= DATA FOR THIS TASK =

[Start of Attachment]

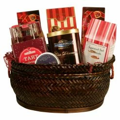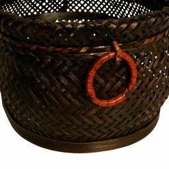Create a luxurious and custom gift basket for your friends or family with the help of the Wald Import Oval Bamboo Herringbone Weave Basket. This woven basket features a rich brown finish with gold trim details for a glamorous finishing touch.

[End of Attachment]
[Start of Attachment]

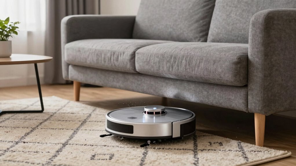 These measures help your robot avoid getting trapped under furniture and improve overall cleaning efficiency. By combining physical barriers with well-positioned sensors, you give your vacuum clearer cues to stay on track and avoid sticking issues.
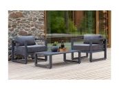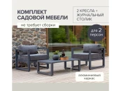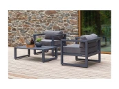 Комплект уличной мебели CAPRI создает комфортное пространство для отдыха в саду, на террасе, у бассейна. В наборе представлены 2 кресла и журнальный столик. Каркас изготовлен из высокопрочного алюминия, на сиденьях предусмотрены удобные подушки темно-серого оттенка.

[End of Attachment]
[Start of Attachment]

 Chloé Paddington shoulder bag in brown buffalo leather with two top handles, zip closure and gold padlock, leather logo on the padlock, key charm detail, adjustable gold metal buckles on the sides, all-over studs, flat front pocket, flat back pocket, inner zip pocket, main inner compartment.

[End of Attachment]

= WHAT THE TASK ASKS =
Your answer must be the lines above from the one holding "These measures help" up to and including the one holding "Комплект уличной мебели", exact and with no pictures.

= EXERCISE ANSWER =
 These measures help your robot avoid getting trapped under furniture and improve overall cleaning efficiency. By combining physical barriers with well-positioned sensors, you give your vacuum clearer cues to stay on track and avoid sticking issues.
 Комплект уличной мебели CAPRI создает комфортное пространство для отдыха в саду, на террасе, у бассейна. В наборе представлены 2 кресла и журнальный столик. Каркас изготовлен из высокопрочного алюминия, на сиденьях предусмотрены удобные подушки темно-серого оттенка.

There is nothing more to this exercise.